I have been telling myself for 46 days “it is OK, you will not be alone” and logged on this morning thinking that if I have had no replies, maybe I am alone .. how depressing

We actually do not eat a lot of eggs and what they do lay usually get scrambled and fed back to them and also shared with the neighbours.

Luckily I am not in this for the eggs, I just love my gals and having them around. Having said that, I do like the little thank you’s they occasionally leave in the nest box.

My friends and neighbours are still giving me empty egg boxes. I have over 30 egg boxes in the garden shed ..

In 2 months we got 16 eggs, at that rate it would take 45 months or 3.75 years to fill them!

At the current rate of 0 eggs .. the plan is to get a bigger garden shed to store the boxes

SNJchickens your coop and hens are beautiful!

Will today be the day the drought breaks
Keep the faith!
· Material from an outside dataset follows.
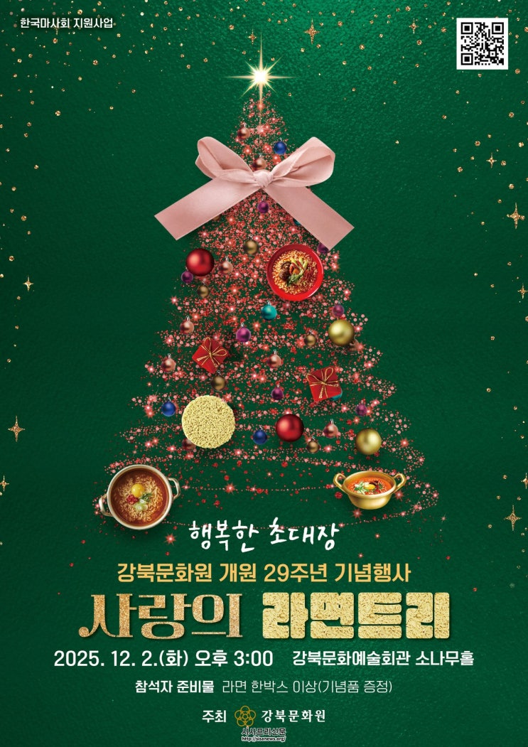 강북문화원, 개원 29주년 기념 ‘사랑의 라면트리’ 어려운 이웃과 함께하는 따듯한 나눔 행사 (시사프리신문=유영일 기자) 강북문화원(원장 황정희)은 오는 12월 2일(화) 오후 3시, 강북문화예술회관 강북소나무홀에서 개원 29주년을...

For me all six hens stopped laying for 3 months. That is NINETY days during which time I had to buy "grocery store" eggs!! After much worry, quite a lot of research and constant TLC it seems that the natural cycle for my hens in New Jersey is to rest for the early part of the winter (from molt to New Year's Day.) During this period of eggless days I went over every aspect of care, bought feather grower feed and wrote a journal full of observations, concerns and theories. I went so far as to worry about the timing of the change to the new coop! All to no avail. When the girls were ready they began to lay again, probably laughing at my stress.

We do eat the eggs but currently there are plenty to share with the neighbors. In fact, I could use those extra egg boxes. Particularly popular in March (Dr. Seuss' birthday) is my hen named Maya who lays green eggs. I try to have enough green eggs for the children in the neighborhood to have green eggs and ham. Generally, I feed back shells and a few hard cooked, crushed eggs mixed with mealworms.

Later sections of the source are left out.